A informalidade do mercado de trabalho e a aprovação do cadastro positivo

Flavio Fligenspan

Fonte: Sul21
Data original da publicação: 18/03/2019

Uma das “encomendas” da elite empresarial brasileira a Temer em 2016 era avançar na desregulamentação do mercado de trabalho com avanço da informalidade, dos contratos temporários, do trabalho intermitente e, do enfraquecimento da Justiça do Trabalho. Temer atendeu à encomenda. Bolsonaro anunciou na campanha e cumpre o prometido: seguir o mesmo caminho, inclusive como mais uma faceta da linha geral de diminuir o tamanho do Estado e seu poder regulador das relações econômicas e sociais.
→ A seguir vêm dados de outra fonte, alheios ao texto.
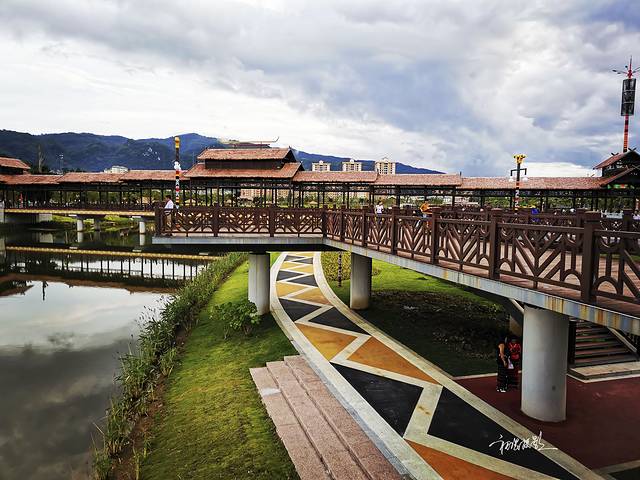 沧源葫芦湖桥头一角,日落前的一幕,阳光洒在茅草屋上,湖面倒立出倒影。
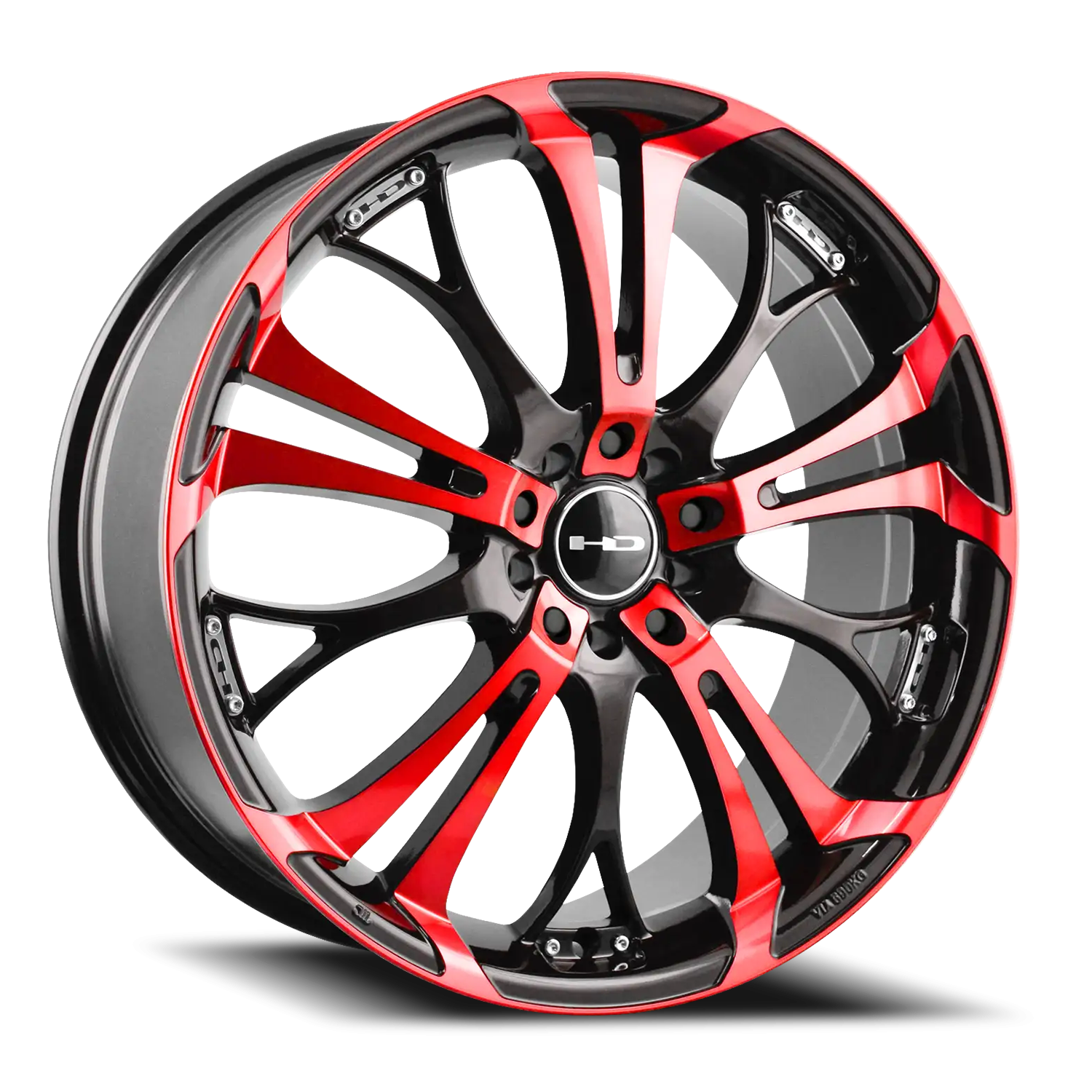 HD Wheels Spinout wheel features size 22" x 8.5", Gloss Black / Machined Face-Red Clear Black / Machined Face-Red Clear finish, 5×115/5×120 bolt pattern, +20mm offset.
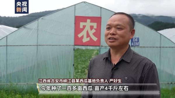 江西省吉安市峽江縣某西瓜基地負責人 嚴好生:今年種了一百多畝西瓜,畝產(chǎn)4千斤左右,預計總產(chǎn)值在40萬以上。
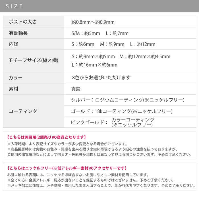※ゴールドやブラック、ピンクゴールド等のカラーコーティング素材は、体質によって長時間つけたままにされますとコーティング素材が剥がれやすくなる可能性がございます。※ニッケルフリー素材は全ての方に金属アレルギーが出ないことを保証するものではございません。

Politicamente, este também é mais um veio do projeto geral de iludir a sociedade, mais um anúncio falso, cujo objetivo é obter apoio popular para mudar a institucionalidade contra os interesses dos mais pobres, prometendo o impossível: relações menos reguladas vão criar mais e melhores empregos, reforma previdenciária vai garantir aposentadorias e amparo aos trabalhadores, além de acabar com privilégios, privatização vai trazer melhores serviços a preços mais baixos etc.

Com o avanço da desregulamentação do mercado de trabalho, a tendência dos últimos anos deve se agravar – menos pessoas com empregos formais e garantias trabalhistas, menos renda, menos comprovação de renda, mais trabalho precário, mais trabalho temporário, menos planejamento do orçamento familiar e menos segurança em relação ao futuro, mesmo que em prazos curtos.

As formas tradicionais de verificação de informações para concessão de crédito devem sofrer o impacto destas mudanças. Cada vez menos será possível examinar contratos de trabalho (carteira de trabalho) e holerites para comprovar emprego e renda, o que vale para os trabalhadores do setor privado, mas também para os do setor público, com a perspectiva de encolhimento de suas atividades tradicionais e do avanço das privatizações.

As empresas que oferecem crédito ao consumo e as que dependem de crédito para venderem seus produtos (bens de consumo duráveis) deveriam estar preocupadas com este assunto; mas não estão. A saída parece ser a implantação do cadastro positivo, medida aprovada pelo Senado e apenas na dependência da sanção presidencial. Diferentemente da sistemática atual, em que as empresas de análise de crédito informam se o consumidor é um mau pagador (cadastro negativo no SPC, por exemplo), o cadastro positivo vai informar se o cliente é um bom pagador de suas obrigações, incluindo as contas mais simples e regulares, como energia, água e telefone, através de uma nota ou escore. Logo, há gradações e não uma resposta absoluta.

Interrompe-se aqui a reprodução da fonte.